**THE INPUT:**
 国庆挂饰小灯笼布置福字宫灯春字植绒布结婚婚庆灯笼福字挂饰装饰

==

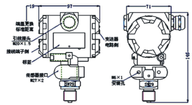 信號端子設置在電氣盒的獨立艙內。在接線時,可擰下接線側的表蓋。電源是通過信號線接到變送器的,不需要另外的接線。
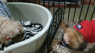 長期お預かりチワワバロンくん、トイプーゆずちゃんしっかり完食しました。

**THE TASK:** Exercise for the records above: copy only the lines from the one with "信號端子設置在電氣盒的獨立艙" to the one with "長期お預かりチワワバロンくん、トイプーゆずちゃんしっかり完食しました。", both ends kept, and drop the pictures.

**RESPONSE AREA:**
 信號端子設置在電氣盒的獨立艙內。在接線時,可擰下接線側的表蓋。電源是通過信號線接到變送器的,不需要另外的接線。
 長期お預かりチワワバロンくん、トイプーゆずちゃんしっかり完食しました。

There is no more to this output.